EU weist italienische Vorwürfe zurück
16. August 2018EU-Haushaltskommissar Günther Oettinger hat Vorwürfe aus Italien wegen der Genua-Katastrophe zurückgewiesen. "Es ist sehr menschlich, einen Schuldigen zu suchen, wenn ein schreckliches Unglück wie in Genua passiert", schrieb der CDU-Politiker auf Twitter. "Trotzdem gut, sich die Fakten anzuschauen." In den vergangenen sieben Jahren habe Italien 2,5 Milliarden Euro an EU-Regionalhilfen für Straßen und Bahnen bekommen sowie zwölf Milliarden Euro aus dem EU-Investitionsprogramm. Darüber hinaus habe die EU italienische Investitionen in Höhe von 8,5 Milliarden Euro gebilligt.

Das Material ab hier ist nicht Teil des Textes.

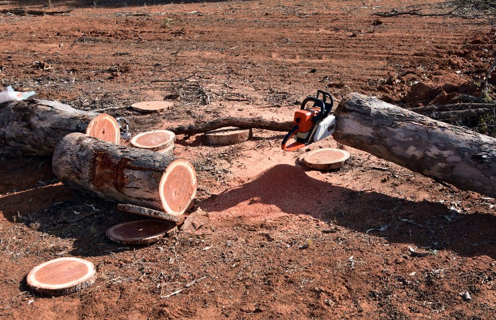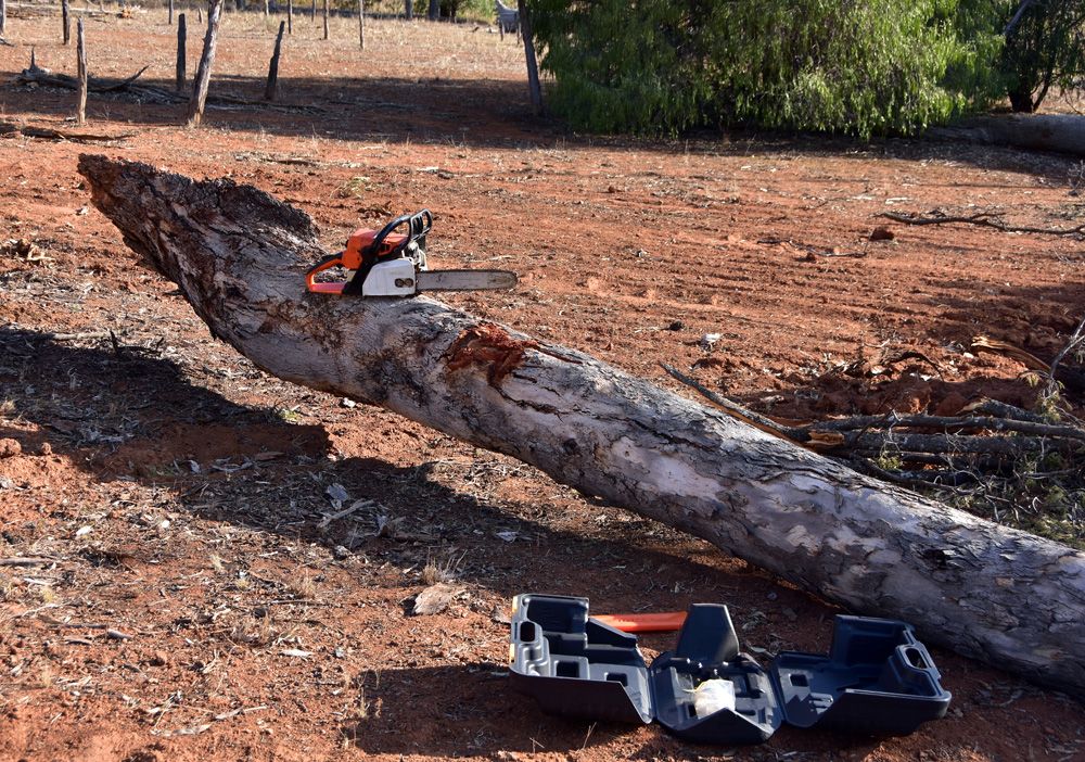 While heading in and out from the old homestead I had my eye out for a log to take some slices off as I wanted them for some Euro Mounts I want to do with some deer heads I have here at home. The owner has been fencing and cutting some fire breaks, so there were lots of downed trees about but none of the required diameter accessible (as I didn’t want to climb to the top of a pile and start waving the saw around). Then I spotted one on the far western boundary and returned with my truck and saw…..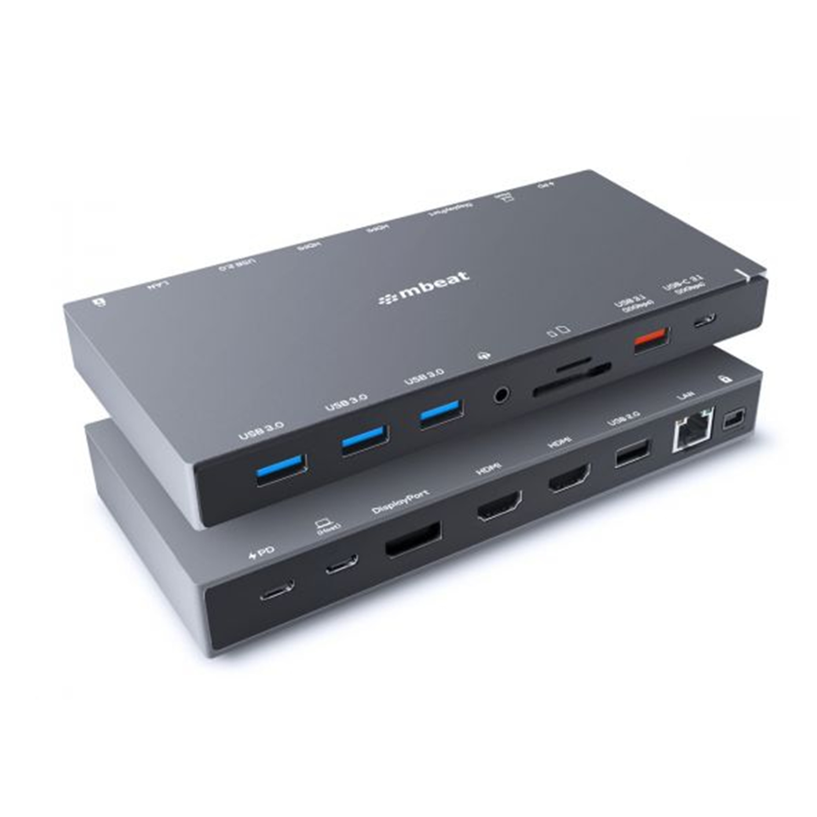 mbeat 15-in-1 Triple Display USB-C Dock - Space Grey 2x HDMI - 1x DisplayPort - 10G Data

Seine Gedanken seien nun vor allem bei den Opfern des Unglücks und deren Familien. "Es wird wichtig sein zu verstehen, was passiert ist, um eine weitere derartige Katastrophe zu vermeiden", schrieb Oettinger. "Ich vertraue darauf, dass die italienischen Behörden alle nötigen Maßnahmen ergreifen."
Die eingestürzte Autobahnbrücke in Genua war zudem Teil eines europäischen Fernstraßennetzes und unterlag deshalb besonderen Prüf- und Sicherheitsauflagen der EU. Dies stellte ein Sprecher der EU-Kommission klar. Verantwortlich für die Umsetzung seien die italienischen Behörden. Die Brücke ist Teil des sogenannten TEN-T-Netzes, das schnelle Verbindungen innerhalb der ganzen EU sichern soll. Die besonderen Sicherheitsvorgaben sind in einem eigenen Regelwerk festgeschrieben.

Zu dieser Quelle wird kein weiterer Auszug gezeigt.